Activity
Once the images are removed, set down everything else in the listing below exactly.

Data section
================

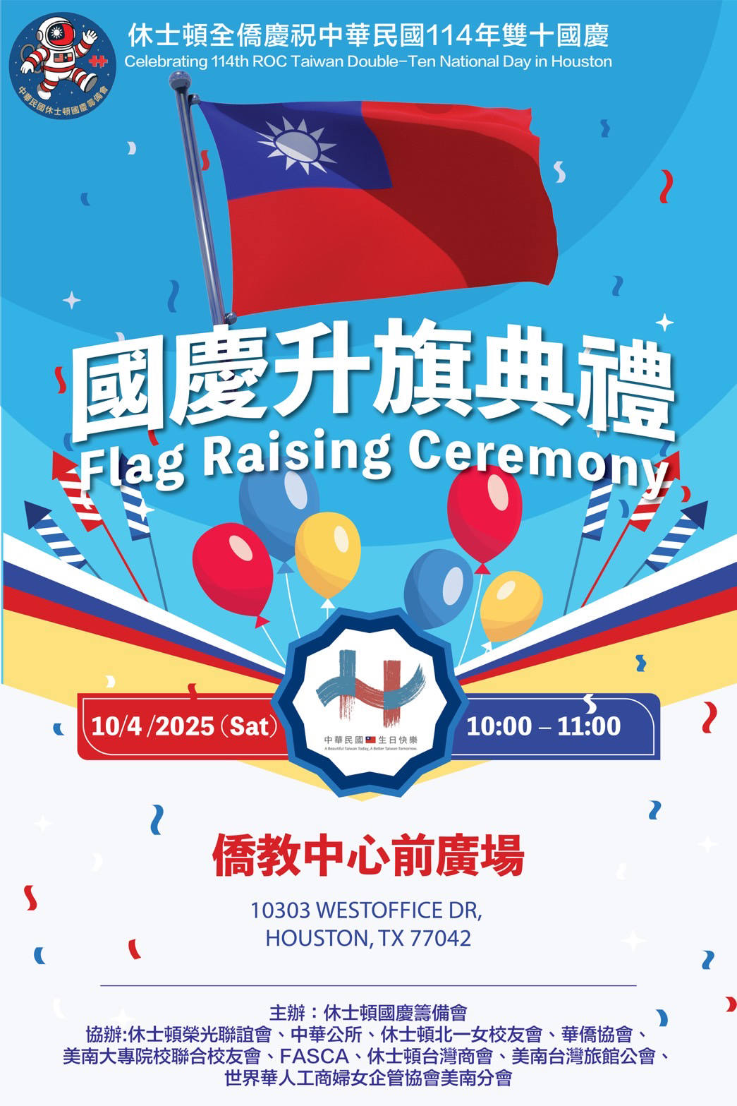 每年的國慶活動,彷彿就是休士頓地區的一項廟會活動,大小活動都能吸引人潮參與慶祝,而國慶升旗典禮是系列活動的高潮之一,不但參加的社團踴躍,榮譽職及僑胞也積極參與,都希望在當天會見好友,相互問候。今年國慶升旗為10月4ㄖ上午,如果當天好心情的話,那就請到僑教中心,一起感受現場熱鬧開心的氣氛。
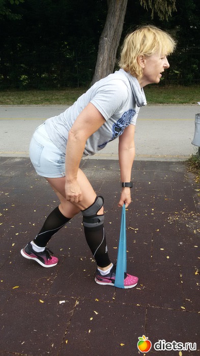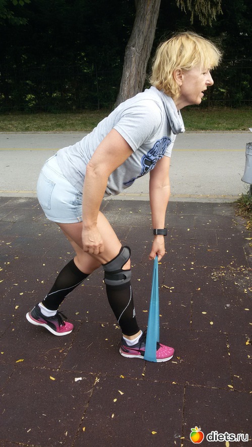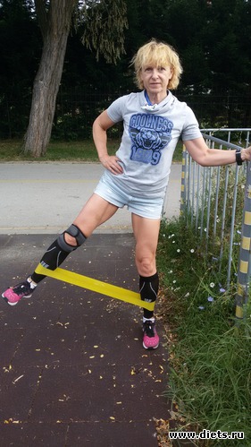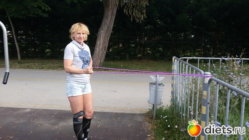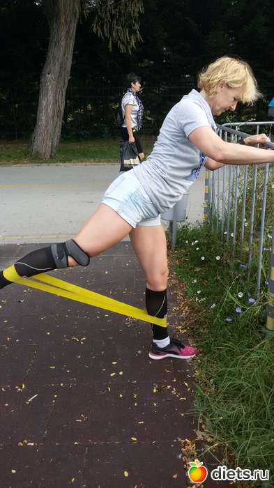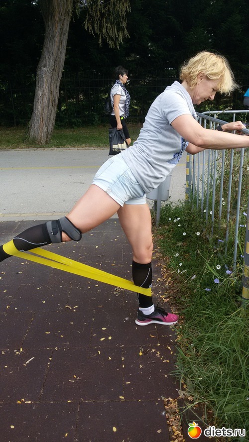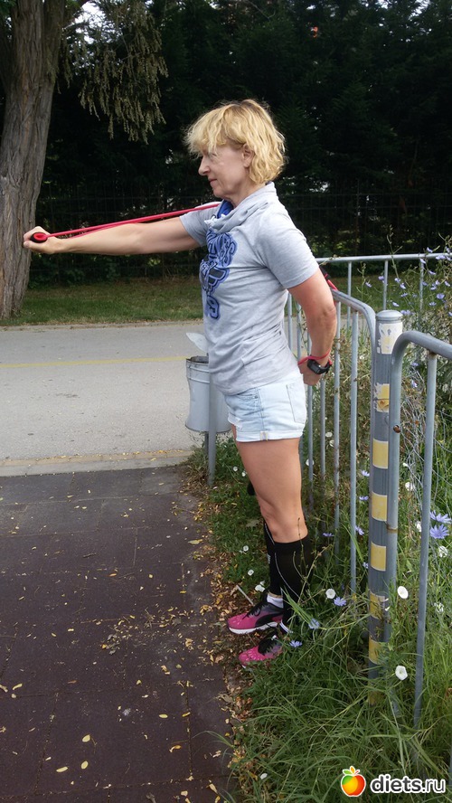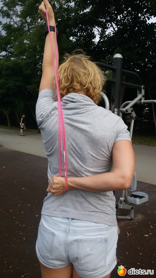 Затем 30-минутная зарядка и упражнения на растяжку. Для усиления нагрузки во время зарядки использую резинки различного натяжения. Здесь некоторые из упражнений, которые с ними можно выполнять.
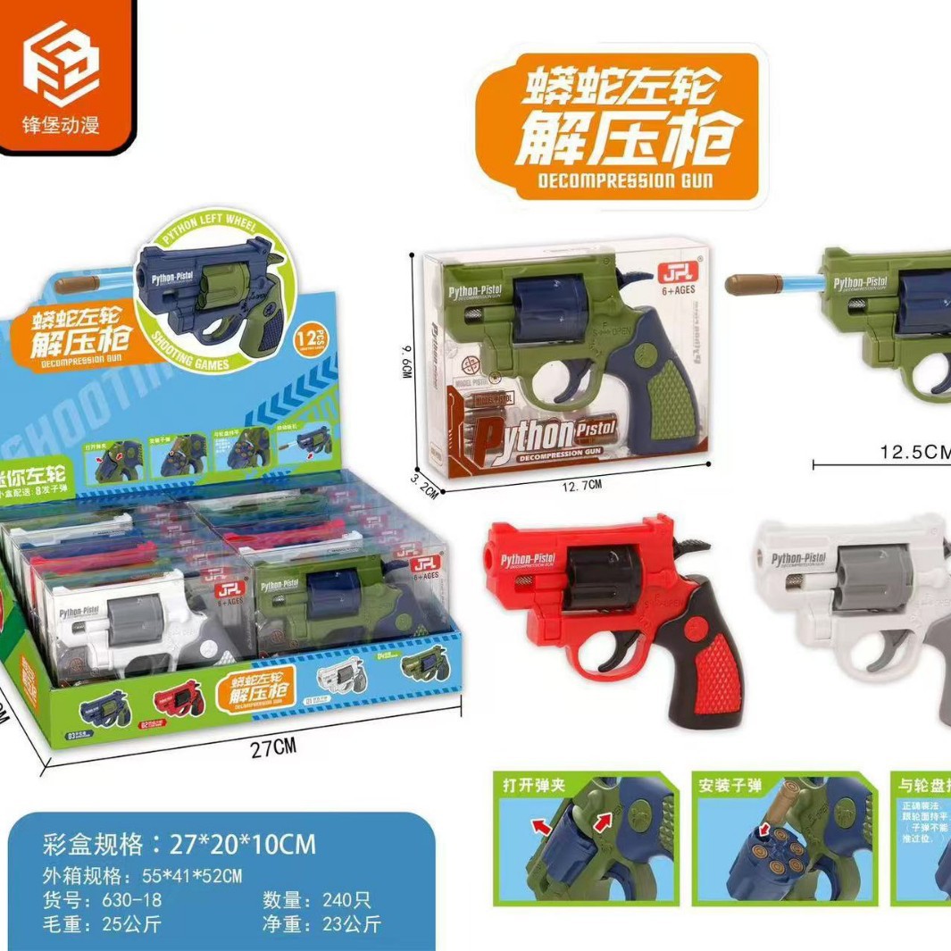 新款蟒蛇左轮解压枪可发射软弹儿童左轮枪玩具枪 男孩玩具小礼品
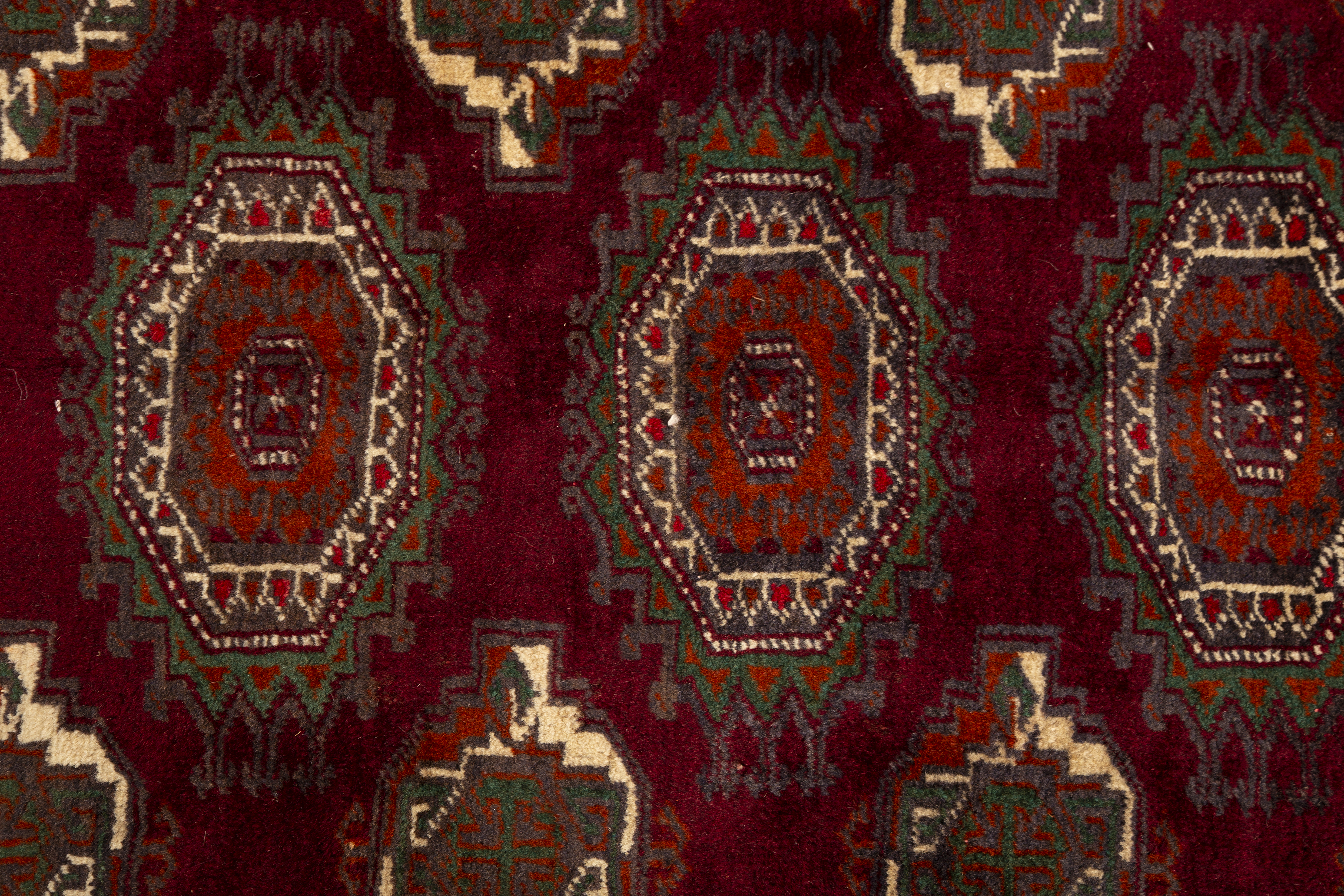 The color palette of Turkmen rugs is the most restricted and most immediately recognizable in all of Persian weaving. The characteristic deep, warm burgundy red - achieved with madder and pomegranate dyes processed by techniques developed over centuries - covers the majority of the field, contrasted with near-black secondary elements, dark blue accents, and the warm ivory of undyed wool. This palette reflects not commercial calculation but genuine cultural identity, the natural expression of a tribal aesthetic developed in the landscapes of Central Asia.

================

Written answer
 每年的國慶活動,彷彿就是休士頓地區的一項廟會活動,大小活動都能吸引人潮參與慶祝,而國慶升旗典禮是系列活動的高潮之一,不但參加的社團踴躍,榮譽職及僑胞也積極參與,都希望在當天會見好友,相互問候。今年國慶升旗為10月4ㄖ上午,如果當天好心情的話,那就請到僑教中心,一起感受現場熱鬧開心的氣氛。
 Затем 30-минутная зарядка и упражнения на растяжку. Для усиления нагрузки во время зарядки использую резинки различного натяжения. Здесь некоторые из упражнений, которые с ними можно выполнять.
 新款蟒蛇左轮解压枪可发射软弹儿童左轮枪玩具枪 男孩玩具小礼品
 The color palette of Turkmen rugs is the most restricted and most immediately recognizable in all of Persian weaving. The characteristic deep, warm burgundy red - achieved with madder and pomegranate dyes processed by techniques developed over centuries - covers the majority of the field, contrasted with near-black secondary elements, dark blue accents, and the warm ivory of undyed wool. This palette reflects not commercial calculation but genuine cultural identity, the natural expression of a tribal aesthetic developed in the landscapes of Central Asia.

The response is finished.